■ **Data segment**:

== == ==

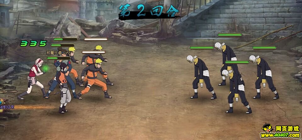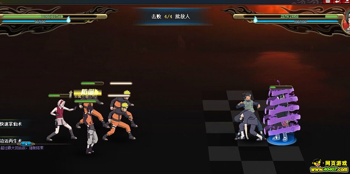 第三回合,不放任何技能,小樱看情况加血,一般是伊鲁卡快顶不住了小樱就加加血,直到这样普工搞死团藏。
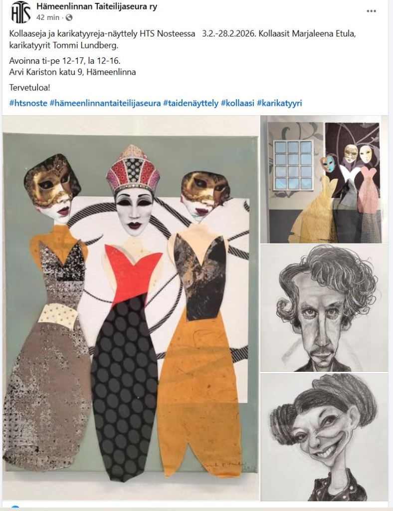 Vaikka olen pitänyt viimeaikoina matalaa profiilia taidesaralla, ystävät jaksavat ripustaa töitäni näytteille. Taiteilija kiittää.
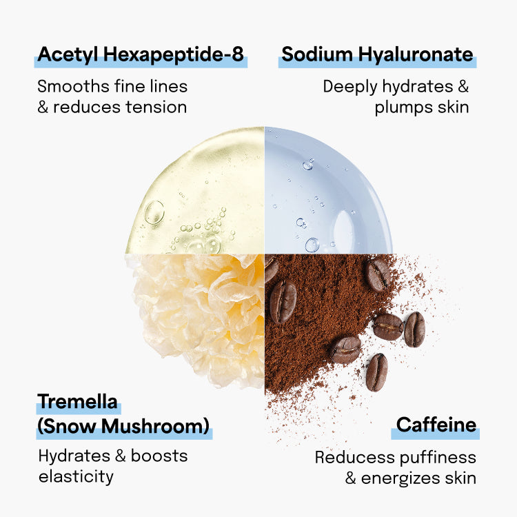 A clinically balanced formula designed for the delicate under-eye area. Powered by Acetyl Hexapeptide-8, Niacinamide, and Hyaluronic Acid, it helps smooth fine lines, reduce puffiness, and brighten tired-looking eyes.
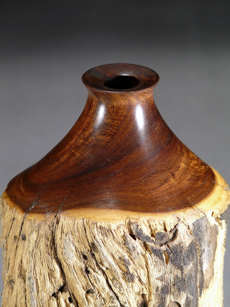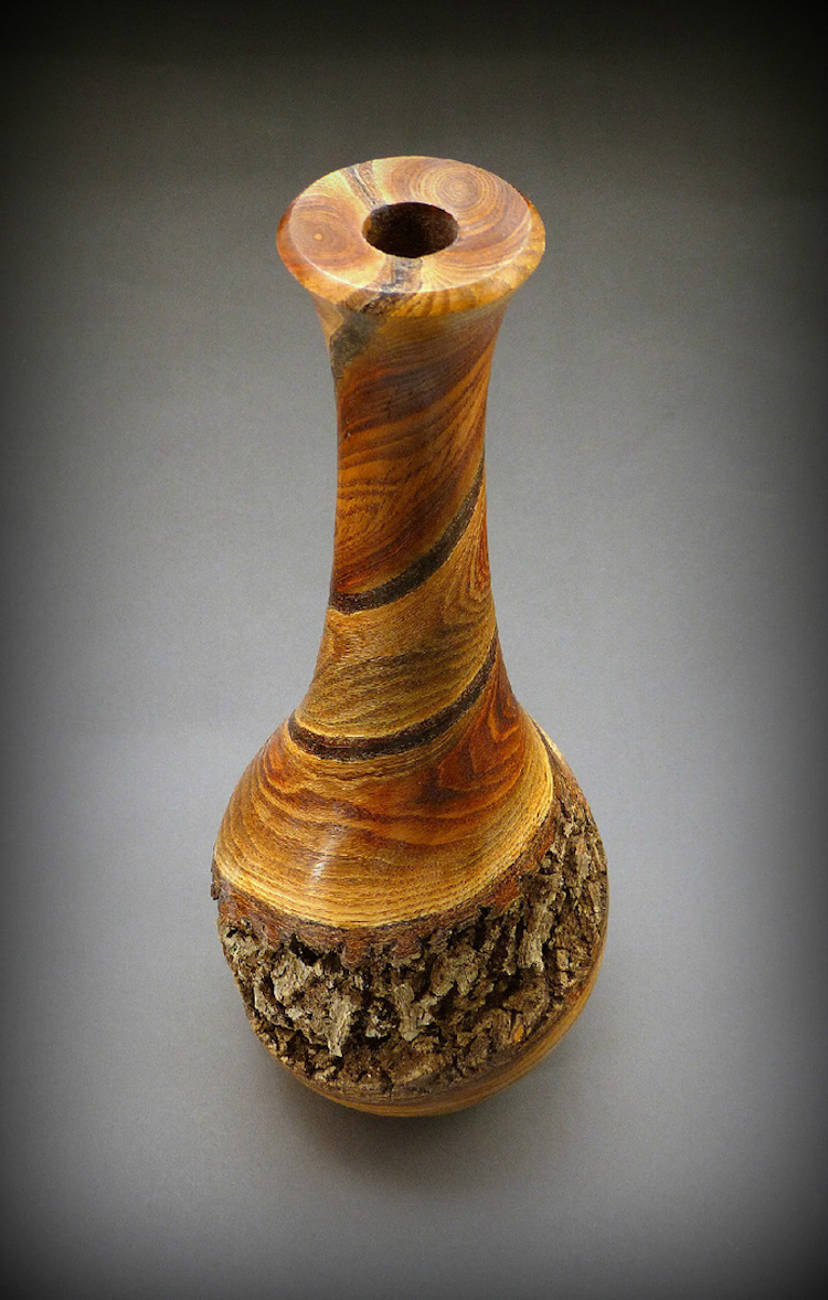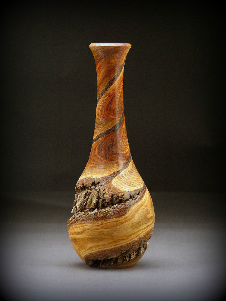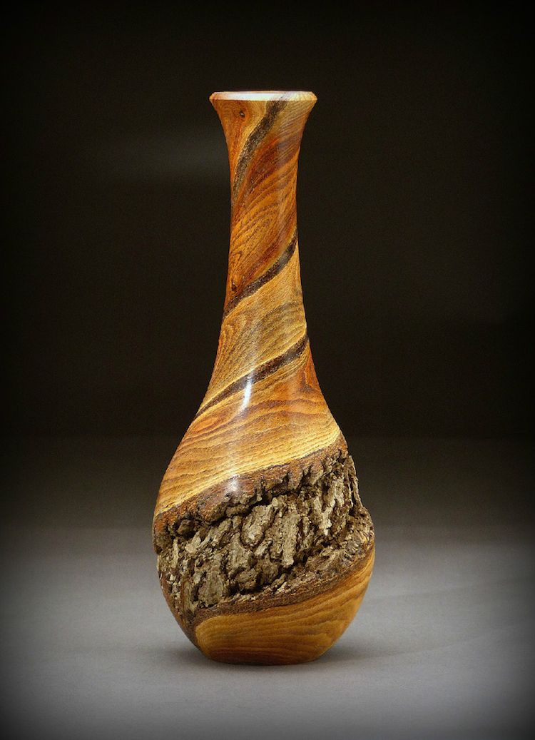 自从爱好了这项工艺,雷·艾斯林便开始将木旋工人作为自己的职业和谋生之道,持续地倾注着自己的热情于其中。“尽管我更多地将自己视为是一个工匠而非艺术家,但我确实在尝试将这些车削过后的木材打造出令人赏心悦目的光滑优美的曲线。”雷·艾斯林说道。这样的美学理念在他所打造的花瓶上尤为明显,这些花瓶的原材料往往都是雷·艾斯林从范围广泛的木材中精挑细选的,其中包括红枫(Red Maple)、美洲榆树( American Elm)、澳大利亚蛇纹树( Australian Snakewood)和南蛇藤葡萄树(Oriental Bittersweet Vine)等。通常情况下,雷·艾斯林所制成的花瓶都兼具两大创造性的特色,分别是光滑的表面和原始的木头纹理。二者的共存不仅给人视觉上的冲击,也带来不少令人入迷的想象。对木材自然美的利用,以及精巧的手艺,毫无疑问能让你看到一个两全其美的工艺品。

== == ==

■ **Aim of the task**: Excluding the images, copy all of the material above verbatim.

■ **Exercise answer**:
 第三回合,不放任何技能,小樱看情况加血,一般是伊鲁卡快顶不住了小樱就加加血,直到这样普工搞死团藏。
 Vaikka olen pitänyt viimeaikoina matalaa profiilia taidesaralla, ystävät jaksavat ripustaa töitäni näytteille. Taiteilija kiittää.
 A clinically balanced formula designed for the delicate under-eye area. Powered by Acetyl Hexapeptide-8, Niacinamide, and Hyaluronic Acid, it helps smooth fine lines, reduce puffiness, and brighten tired-looking eyes.
 自从爱好了这项工艺,雷·艾斯林便开始将木旋工人作为自己的职业和谋生之道,持续地倾注着自己的热情于其中。“尽管我更多地将自己视为是一个工匠而非艺术家,但我确实在尝试将这些车削过后的木材打造出令人赏心悦目的光滑优美的曲线。”雷·艾斯林说道。这样的美学理念在他所打造的花瓶上尤为明显,这些花瓶的原材料往往都是雷·艾斯林从范围广泛的木材中精挑细选的,其中包括红枫(Red Maple)、美洲榆树( American Elm)、澳大利亚蛇纹树( Australian Snakewood)和南蛇藤葡萄树(Oriental Bittersweet Vine)等。通常情况下,雷·艾斯林所制成的花瓶都兼具两大创造性的特色,分别是光滑的表面和原始的木头纹理。二者的共存不仅给人视觉上的冲击,也带来不少令人入迷的想象。对木材自然美的利用,以及精巧的手艺,毫无疑问能让你看到一个两全其美的工艺品。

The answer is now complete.